Collection entries:
================
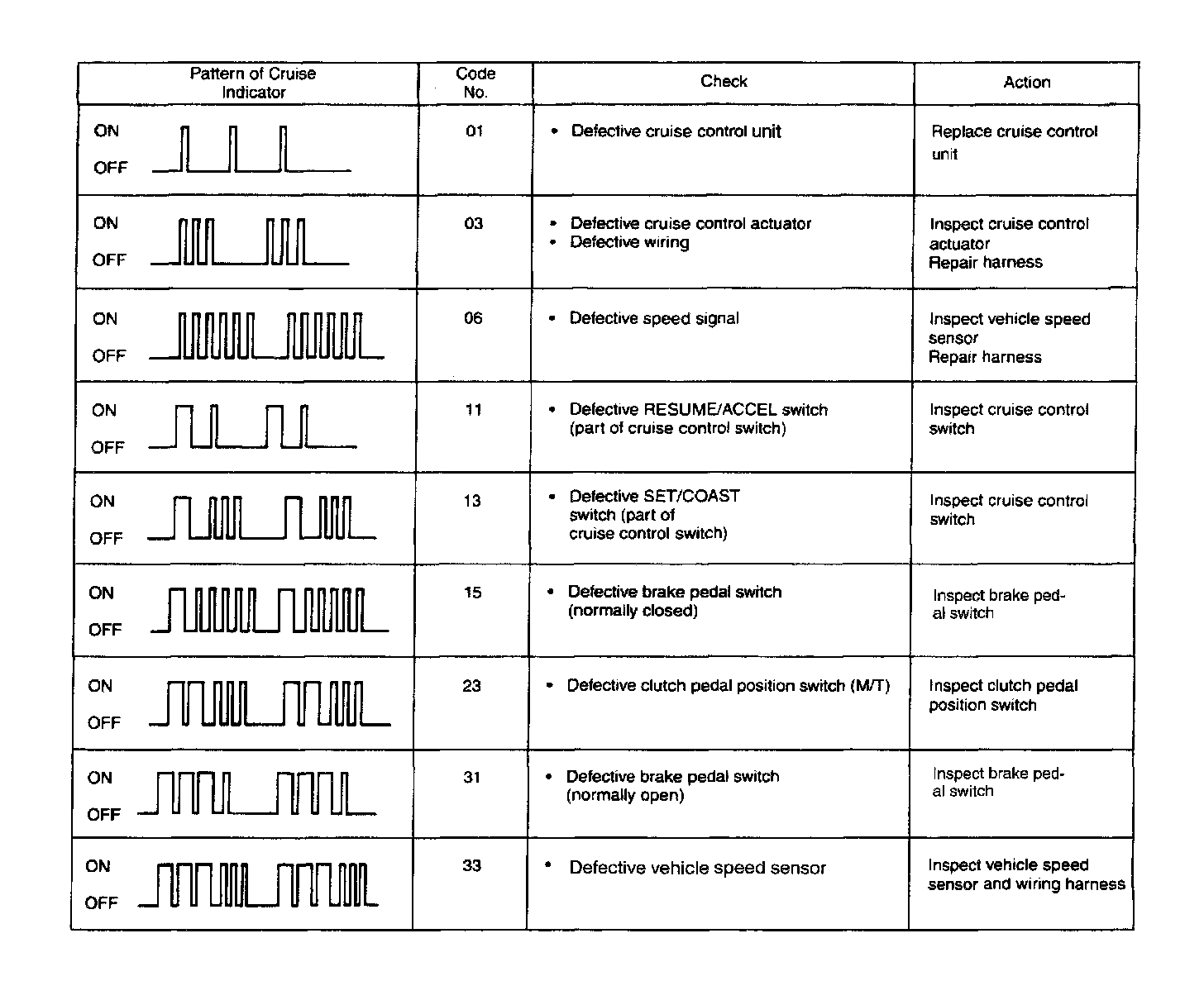 Condition/operation codes, stored in the cruise control memory, are indicated by the cruise indicator in the instrument cluster. (Refer to condition code numbers below). Stored codes are deleted when the ignition switch is turned to OFF. In addition, the memory will hold only a single code at any time: If multiple malfunctions are present, the first one displayed will have to be corrected before the next code can be displayed.
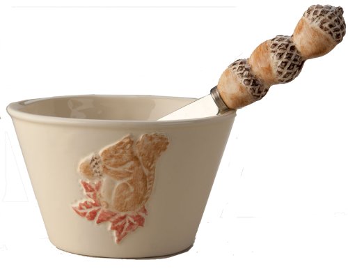 October Hill Hand Painted Spreader and Bowl Set, Squirrel
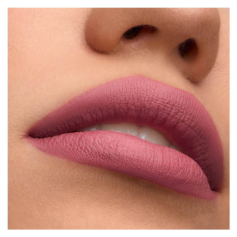 Жидкая флюидная текстура помады быстро высыхает после нанесения и создает невесомое покрытие с ультра матовым финишем.
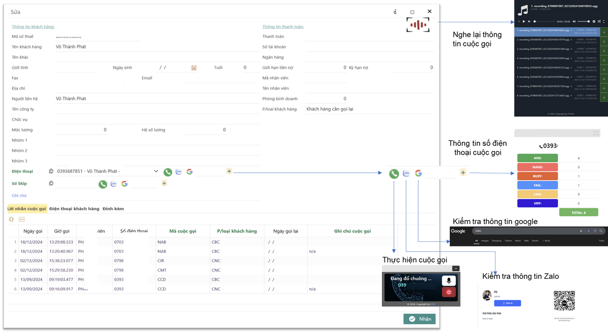 - Kết nối API với CRM hoặc các nền tảng quản lý khách hàng để đồng bộ dữ liệu, ghi nhận kết quả cuộc gọi và tự động gán trạng thái chăm sóc.
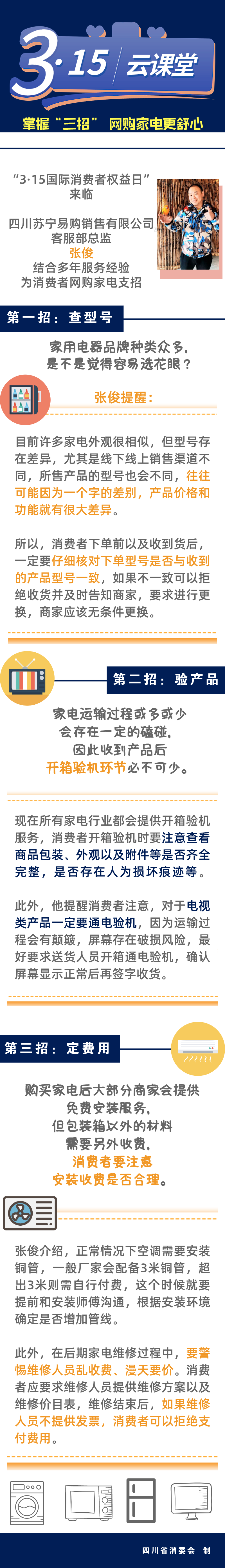 “3·15国际消费者权益日”即将来临,省消委会和川报观察推出的的【3·15云课堂】,特别邀请到四川苏宁易购销售有限公司客服部总监张俊,为消费者网购家电支招。
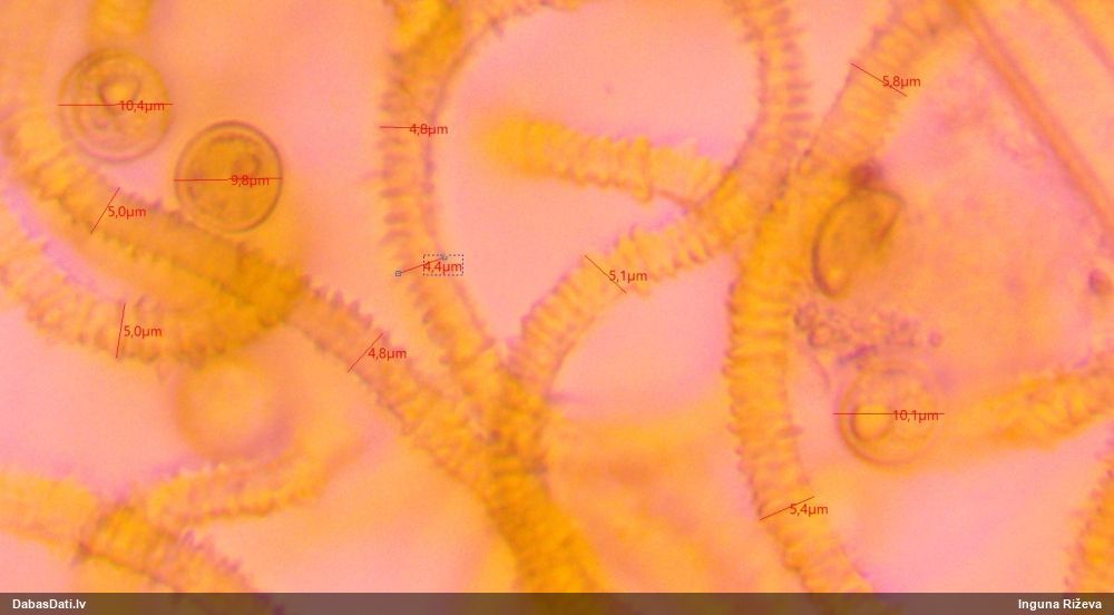 Nav pierakstīti sporu izmēri. Sporas netika mērītas?
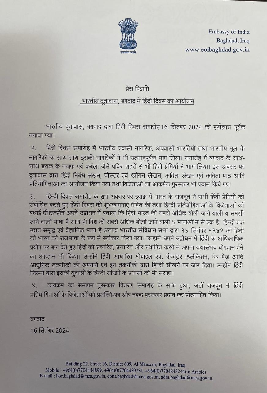 Press release: Celebration of the Hindi Day 2024 organised by Embassy of India, Baghdad on 16th September 2024.
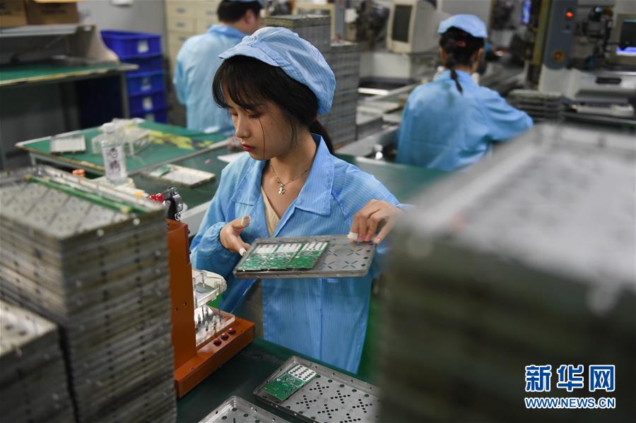 8月26日,在福建省南安市霞美镇,福建宝锋电子有限公司的工作人员在对讲机生产流水线上操作。 新华社记者 宋为伟 摄
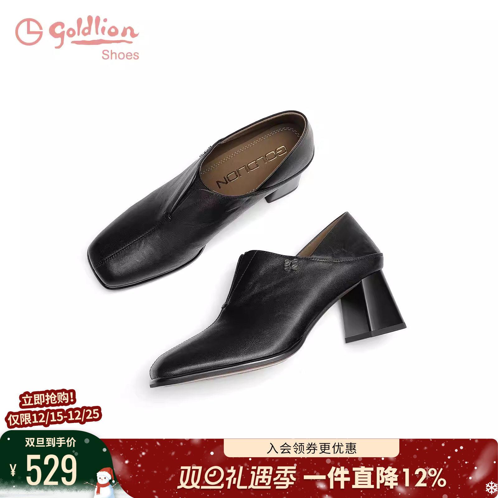 金利来女鞋春秋新款黑色百搭真皮粗跟小皮鞋一脚蹬高跟深口单鞋女
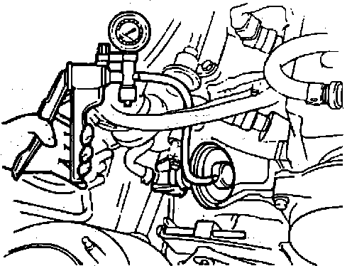 2. Connect a vacuum pump to the EGR valve. START and warm the engine to operating temperature. With the engine at idle, apply 40-60 mm-Hg (1.6-2.4 in-Hg) of vacuum to the EGR valve. The engine should idle rough at this level, and stall when more vacuum is applied. If the engine does not idle rough, and will not stall when the vacuum is increased, the valve is not functioning. Check for an obstruction to the valve and if no obstruction is found, refer to Powertrain Management/Emission Control Systems/Exhaust Gas Recirculation/Service and Repair. If after cleaning the system will not function, replace the EGR valve.
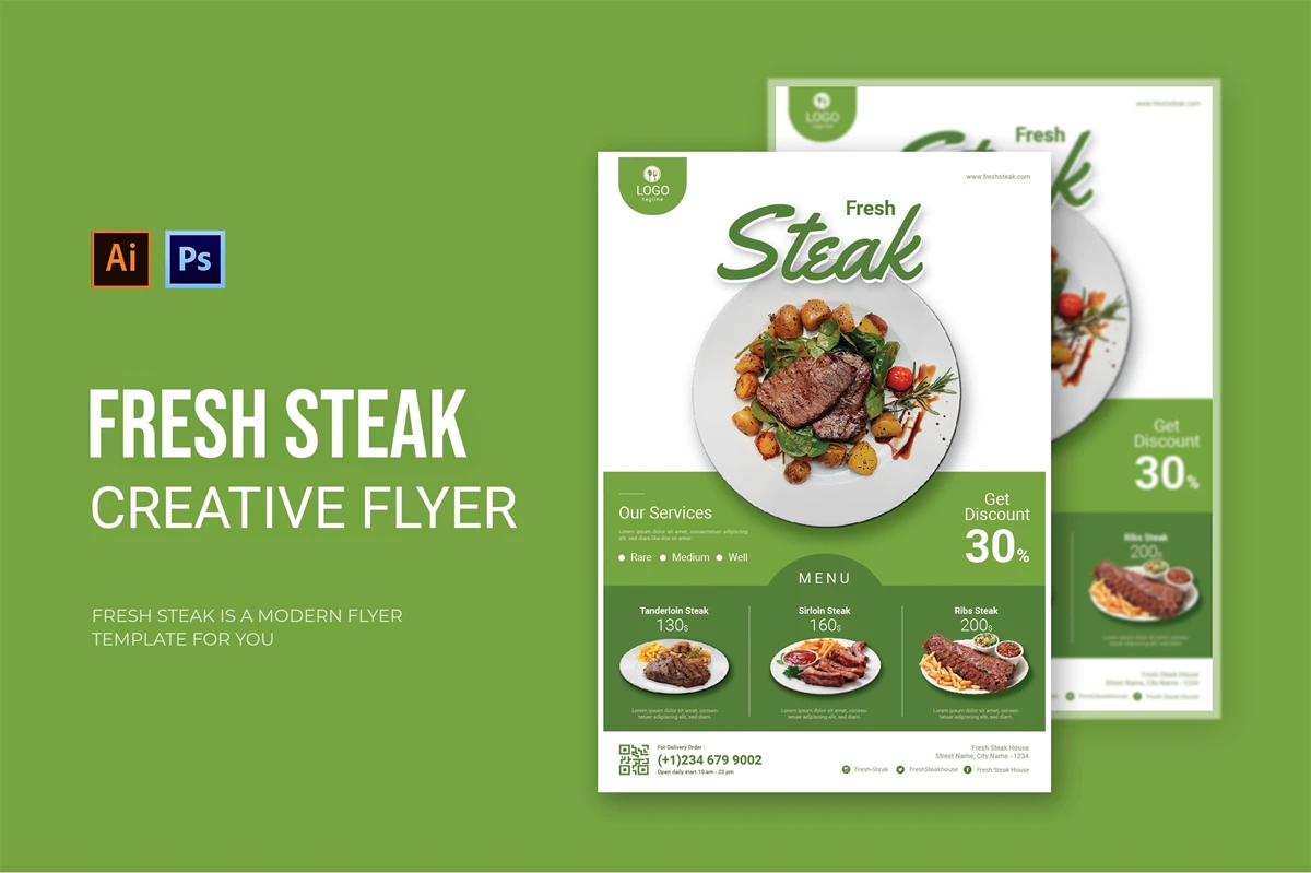 Fresh Steak - Flyer. This Flyer template is designed for your company's business needs. very clean and elegant, and also easily edited and adjusted to your liking
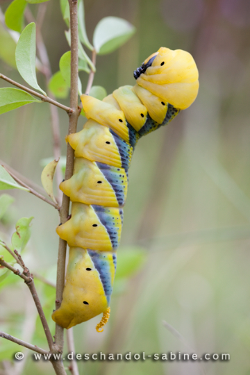 : Sphinx tête de mort (Acherontia atropos), chenille 5ème stade, forme jaune, Berne, Suisse.
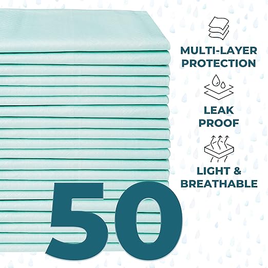 GREEN LIFESTYLE Underpads - Chucks Pads Disposable Adults, for use as Incontinence, Pet, Pee Pads for Dogs, Cats, Bunny, Seniors (Pack of 50 - 36x36)
================
Text only, no pictures: please print exactly the lines above from the line with "Nav pierakstīti sporu" up to and including the line with "金利来女鞋春秋新款黑色百搭真皮粗跟小皮鞋一脚蹬高跟深口单鞋女", and nothing else.

▶ [Response area]:
 Nav pierakstīti sporu izmēri. Sporas netika mērītas?
 Press release: Celebration of the Hindi Day 2024 organised by Embassy of India, Baghdad on 16th September 2024.
 8月26日,在福建省南安市霞美镇,福建宝锋电子有限公司的工作人员在对讲机生产流水线上操作。 新华社记者 宋为伟 摄
 金利来女鞋春秋新款黑色百搭真皮粗跟小皮鞋一脚蹬高跟深口单鞋女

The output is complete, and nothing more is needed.